И это не может не радовать.
04.12.2008 23:36:54
№8
Рома, ты опять за своё?
04.12.2008 23:37:15
№9
Для №8 Mak (04.12.2008 23:36:54):
ты про эйпол?
04.12.2008 23:39:22
№10
Для №9 Павлюченко Роман (04.12.2008 23:37:15):
а то ты не понял
04.12.2008 23:46:26
№11
Для №10 Mak (04.12.2008 23:39:22):
ну и ладно. я ш любя. я ш не со зла.
05.12.2008 00:14:43
№12
красивый рассказ
05.12.2008 00:16:51
№13
Для №12 Миша (05.12.2008 00:14:43):
миш, чо не спиш?
05.12.2008 00:22:23
№14
в асе тону. а ты?
05.12.2008 00:23:07
№15
Для №14 Миша (05.12.2008 00:22:23):
в асе тож тону.
05.12.2008 00:23:48
№16
ой. ну удачно тебе выплыть)
Для №15 Павлюченко Роман (05.12.2008 00:23:07):
05.12.2008 00:24:48
№17
Для №16 Миша (05.12.2008 00:23:48):
угу. выплыву как небуть
05.12.2008 00:34:45
№18
"Он шол...Она шла..."
Делать больше нехуй?
05.12.2008 00:35:52
№19
Для №18 Л.Н.Толстов. (05.12.2008 00:34:45):
о, бля. проснулся. 3-4, кони.
05.12.2008 00:52:22
№20
Мысль интересная, но не новая.
Для №19 Павлюченко Роман (05.12.2008 00:35:52):
05.12.2008 00:59:16
№21
А вообще, Кординала скора на кунилингус нарвёцца... И нехуй патом милицыю звать!
05.12.2008 01:02:24
№22
Кардинала чудесна во всех стилях. Толстов кстате гат доёпческий. Хотя и он хорош.
05.12.2008 01:04:15
№23
И вобще чо с Гондурасом было? На орге вобще ничего, на нет какаята фигня типа ошиблись страницей .
05.12.2008 07:21:20
№24
Для №23 мышелов (05.12.2008 01:04:15):
Ломался.
05.12.2008 09:23:00
№25
очень многа букаф
05.12.2008 09:33:18
№26
Не девочка штоб ломаться.
Для №24 Maть Тереза (05.12.2008 07:21:20):
05.12.2008 10:16:15
№27
Для №26 мышелов (05.12.2008 09:33:18):
она не девочка?!?
05.12.2008 10:27:07
№28
Для №27 Добрый (05.12.2008 10:16:15):
Да, Добрый, придётся тебе напиться сёдня с горя.
и мне
05.12.2008 10:58:37
№29
Для №28 Mak (05.12.2008 10:27:07):
вапще не пью никогда больше
05.12.2008 11:01:59
№30
Для №29 Добрый (05.12.2008 10:58:37):
ага, встреча са фтючем не прошла бесследно...
05.12.2008 11:54:14
№31
мне рассказ напомнил присной памяти перевал кира булычева.

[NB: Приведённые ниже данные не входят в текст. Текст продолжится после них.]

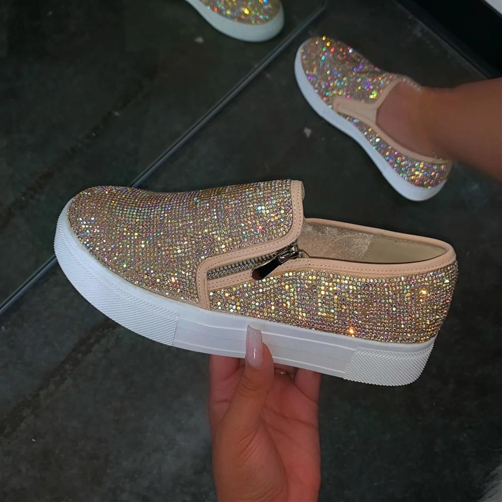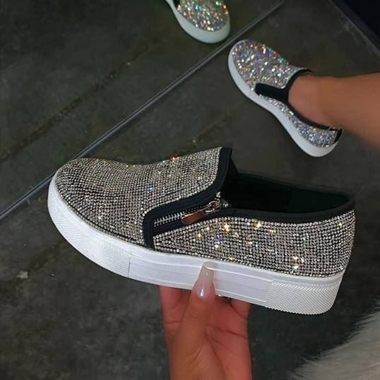 Women Casual Fashion Rhinestone Slip-on Loafers

а именно первую часть дилогии.
где ободранные голодные детишки шлепают по тундре
в сторону гор и дальше - к космическому кораблю.

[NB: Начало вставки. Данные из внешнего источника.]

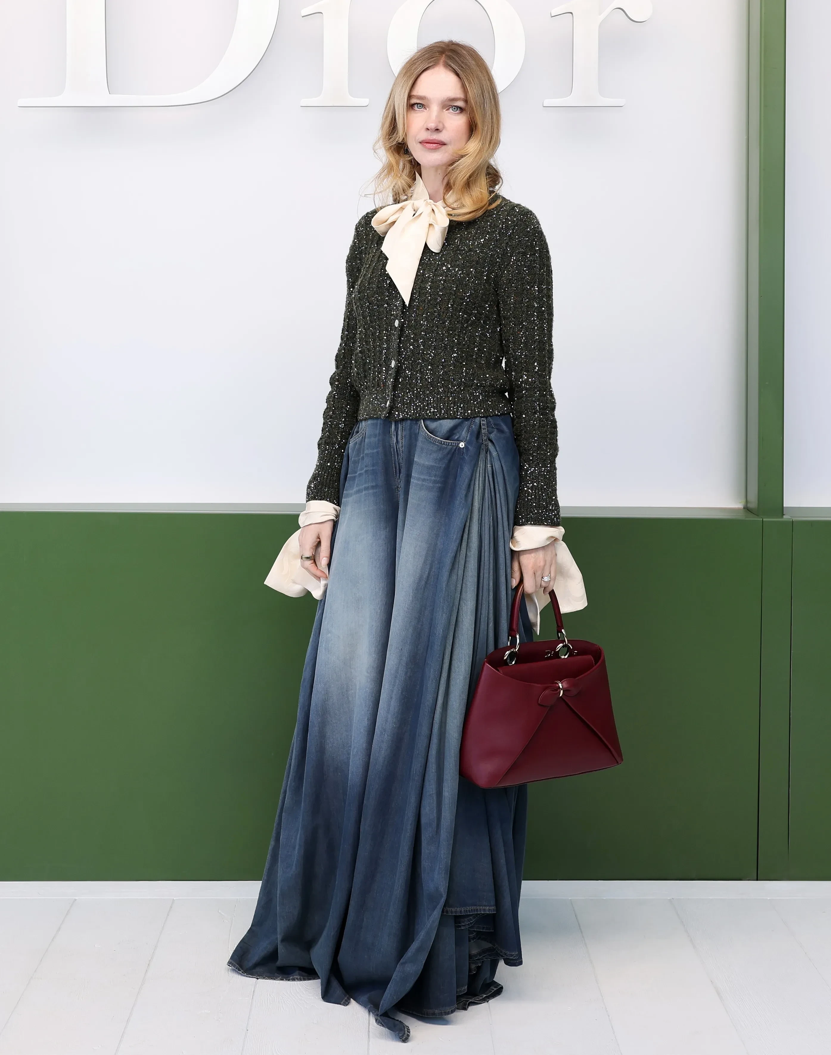 44-летняя супермодель позировала фотографам в тотал-луке Dior и без мужа. 48-летний сын владельца конгломерата LVMH Бернара Арно Антуан присоединился к супруге перед показом. Они сидели в первом ряду, а после шоу встретились с креативным директором модного дома Джонатаном Андерсоном.

их лохмотья развеваются на колючем ветру,
босые ноги мерзнут на снежном насте, а вокруг какие-то опасные дикие звери.
совершенно непонятные.
у нас в армии эта книжка была единственной в казарме.
кто хотел чё-то почитать - читали ее.
а 6-й том собрания сочинений сталина подербанили на подтиру.

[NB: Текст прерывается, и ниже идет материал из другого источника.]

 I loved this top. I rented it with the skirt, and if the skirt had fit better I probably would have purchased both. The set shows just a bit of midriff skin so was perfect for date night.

вобщем наша рота была далеко не филиал ленинской библиотеки.
но перевал булычева (имхо с тех времен) - пиздатая книжка.
05.12.2008 11:57:20
№32
Для №31 Захар Косых (05.12.2008 11:54:14):
у нас в роте "Педагогическа поэма" была Макаренко. Правда первые 20 страниц тоже на подтиру ушло. Я это дело пресёк. Правда так и не знаю до сих пор, с чево там дело началось
05.12.2008 12:19:20
№33
Счастливые вы, у нас были только подшивка туркменистан коммунисти и книга какого-то хуйбердыева на русском.
05.12.2008 12:45:29
№34
Для №21 Л.Н.Толстов. (05.12.2008 00:59:16):
я вас ловлю на слове
Всем остальным спасибо, особенно за фронтовые воспоминания.)
05.12.2008 12:50:38
№35
автор извини - я про рыбу не люблю четать. и вообще про продукты...
05.12.2008 18:02:02
№36
сам рыба
05.12.2008 21:02:59
№37
Сероватый тегст. Обилие "он-она" утомляют. Помница училка литературы всегда говорила: нельзя в сочинениях одинаковые и однокоренные слова рядом ставить. Иначе тройка будет!
05.12.2008 21:06:51
№38
а нонешний писатель больше собой любуется... о нуждах и чаяниях читателя мало беспокоится!
Да, уж.. Нда...
05.12.2008 21:24:10
№39
Вы п лучче за езык меня паймали...
Для №34 Кардинала Серая (05.12.2008 12:45:29):
05.12.2008 21:46:02
№40
Для №39 Л.Н.Толстов. (05.12.2008 21:24:10):
Ллучше выпить водки литр,
чем сосать солёный клитор! (народная мудрость)
05.12.2008 21:53:59
№41
Пили мы и клитар, сасали мы и литор... Никакой разниццы! Адно удавольствие...
Для №40 Липа (05.12.2008 21:46:02):
05.12.2008 23:24:04
№42
Мужчина должен быть без страха, а женщина — умней, чем росомаха.
От как!!!
05.12.2008 23:26:32
№43
а вот ещё:
Тому почет от нганасан, кто дальше бросит свой аркан!